A BRIEF HISTORY OF ECC
The ECC traces it’s roots to the Catholic traditions of the Conciliarists of the middle ages,
who held that the highest authority within the church resides in the church councils
in which the leaders of the entire church join together to determine and affirm its teaching and governance. This, in fact, is the most ancient tradition of Christianity,
and is evident in numerous passages in the new testament, most notably in the book, Acts of the Apostles.
While it is commonly believed that the pope has been regarded as infallible,
and exercising universal jurisdiction, since the early days of the apostles,
in fact infallibility and universal jurisdiction were not instituted within the Roman church until 1870,
at the First Vatican Council.

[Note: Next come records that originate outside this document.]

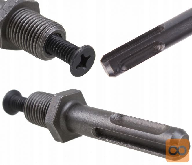 V kompletu je SDS+ adapter za 1/2” glavo, ki omogoča namestitev vpenjalne glave v udarna kladiva z nastavkom SDS+.
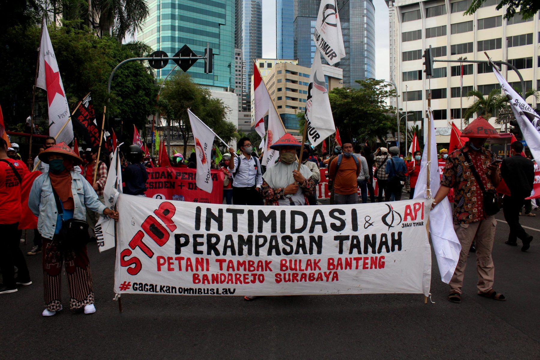 Sekitar pukul 16.00 WIB massa aksi dari elemen buruh, petani, dan mahasiswa mulai berdatangan. Mereka tergabung dalam Gerakan Tolak Omnibuslow (GETOL) untuk menyuarakan aspirasinya tepat di depan Gedung Negara Grahadi Surabaya.
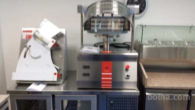 Mašina je namijenjena za pripremu tijesta u krug na koji se nanose nadjevi.Mašina oblikuje grudu tijesta za pizzu određenog promjera i zagrijava.U ponudi su mašine za pripremu tijesta PROMJERA OD 30 DO 50 CM.
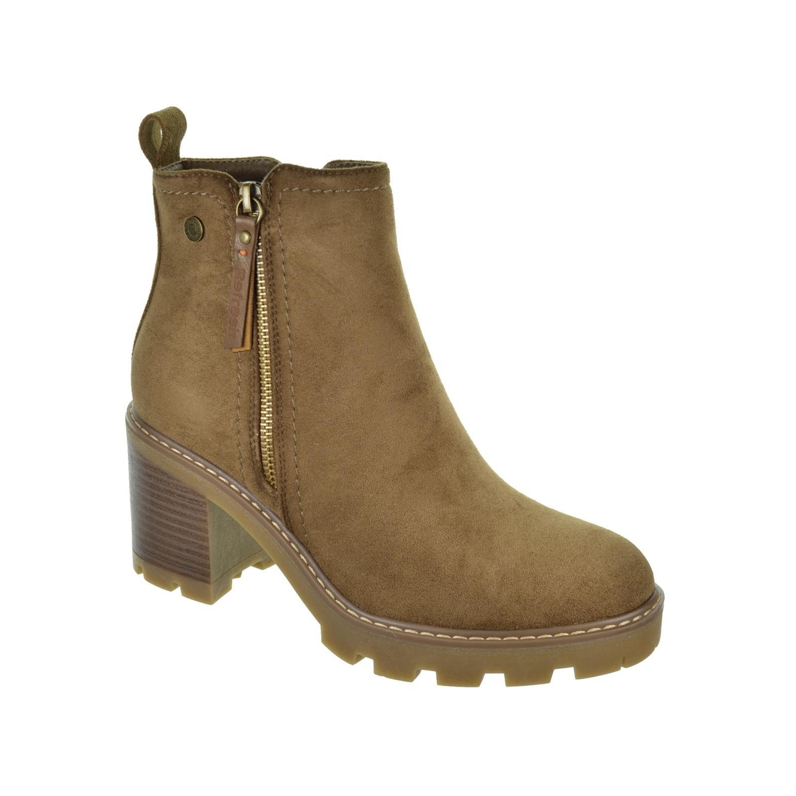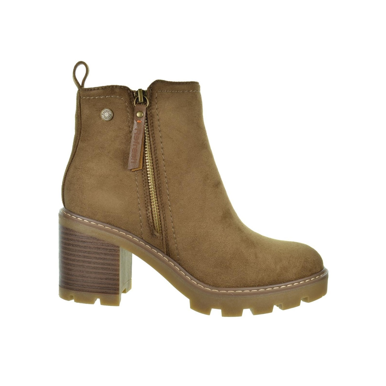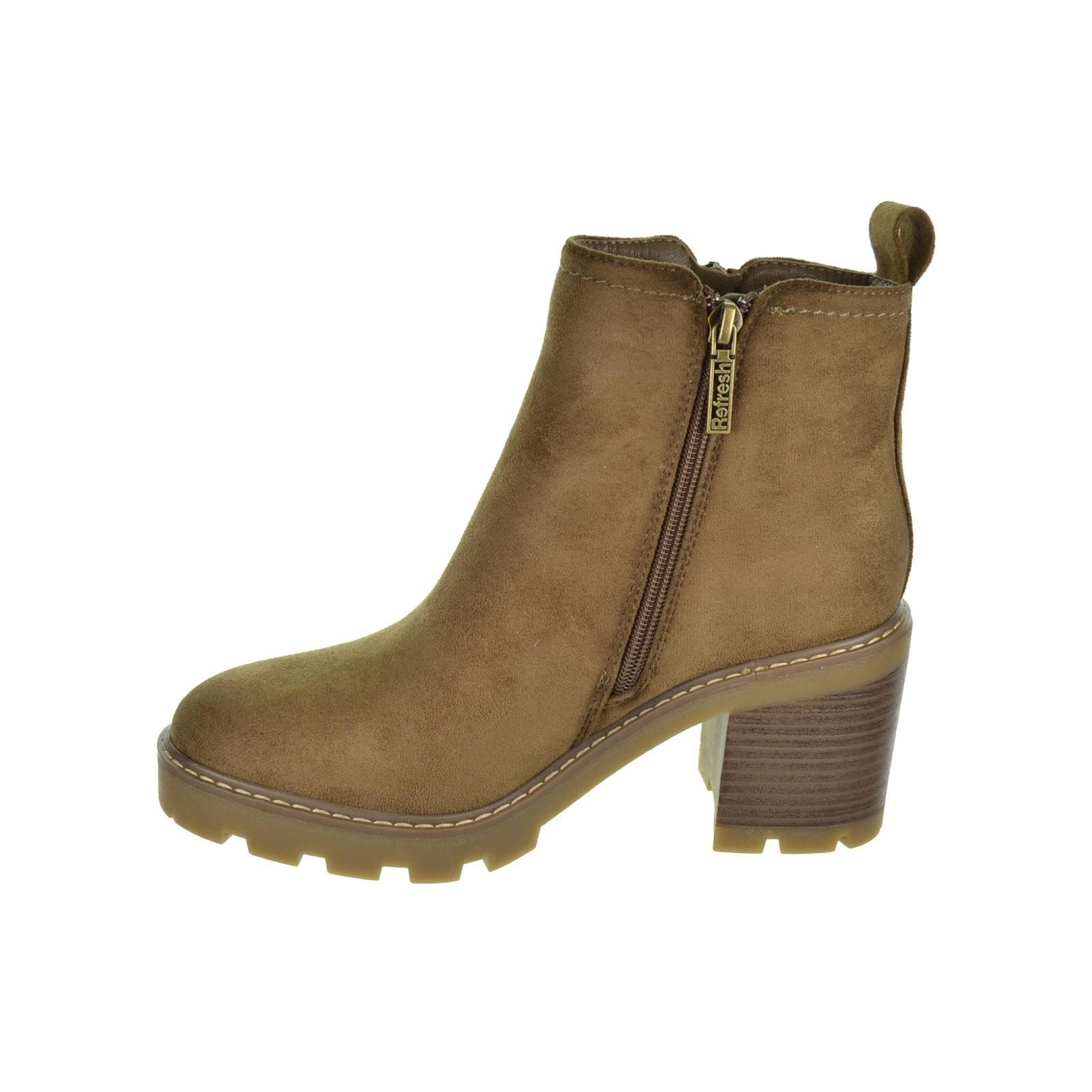 Refresh 172125 Botín en antelina. Forrado interior textil y plantilla sintético acolchada. Cierre mediante cremallera lateral interior y cremallera decorativa exterior. Tirador trasero para facilitar la puesta. Suela de goma antideslizante con tacón ancho de 6cm y plataforma de 2cm. Un básico que no puede faltar en tu armario este invierno. Este modelo ha obtenido el certificado vegano por la organización mundial PETA (Organización de los derechos de los animales).

At that time, the pope declared his authority
to be higher than all church councils. The Roman church pronounced the pope
(and subsequent popes) as infallible.
Many catholic Christians, including laity, priests and bishops, refused to accept this new teaching.

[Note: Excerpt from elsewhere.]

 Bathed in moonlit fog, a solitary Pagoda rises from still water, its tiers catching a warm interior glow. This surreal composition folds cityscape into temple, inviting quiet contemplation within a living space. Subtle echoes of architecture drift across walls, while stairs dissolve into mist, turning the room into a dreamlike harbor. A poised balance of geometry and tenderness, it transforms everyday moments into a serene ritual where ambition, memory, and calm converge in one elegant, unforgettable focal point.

They gathered in protest in Utrecht, formed the Union of Utrecht, and became known as Old Catholics
(i.e., "old" as they held to "old" practices about church authority and rejected
the "new" dogma and practice of papal infallibility).
The “old catholic” movement spread through Europe and eventually to America.*
In 2003, a group of Catholic communities, inheritors of this old catholic tradition,
entered into communion, drafted a constitution and formed the Ecumenical Catholic Communion (ECC).
The ECC has grown rapidly, and currently has faith communities throughout North America and Europe.
The ECC practices the original understanding of church which existed universally
for the first 1000+ years of Christianity, and still exists in the eastern orthodox tradition.
In this understanding of Catholicism,
each local faith community (i.e., diocese) is led by its bishop and pastoral councils.
The people of each local faith community participate in the life of the church by electing their bishop
and taking an active role in the ministry of the community.
The pope, who has traditionally been the bishop of the community of Rome,
is regarded as an important spiritual leader, but does not (in the view of the ECC)
exercise infallible authority, or universal jurisdiction, over other local churches.
Each local church (diocese) upholds the autonomy of its own life and governance.
Approval from Rome (or some similar centralized authority) is not required
in the decision making processes of each local church.
Rev. Bjorn Marcussen, a theologian, has expressed it as follows:
"The fullness of the one, holy, catholic and apostolic church resides in the local church,
understood as the local diocese.
The local church does not need a 'super structure' or a 'super bishop' to complete anything,
for nothing is missing in its catholicity and apostolicity.
The local church is the church in one specific place under one specific bishop."
* Rev. Jim Farris, an ECC priest, has written a more detailed account of the history the Conciliarists,
and the roots of the Old Catholic tradition.
This is contained in the document, Unity and Peace: The Foundations and Vision of the Constitution
of The Ecumenical Catholic Communion, pages 5-19.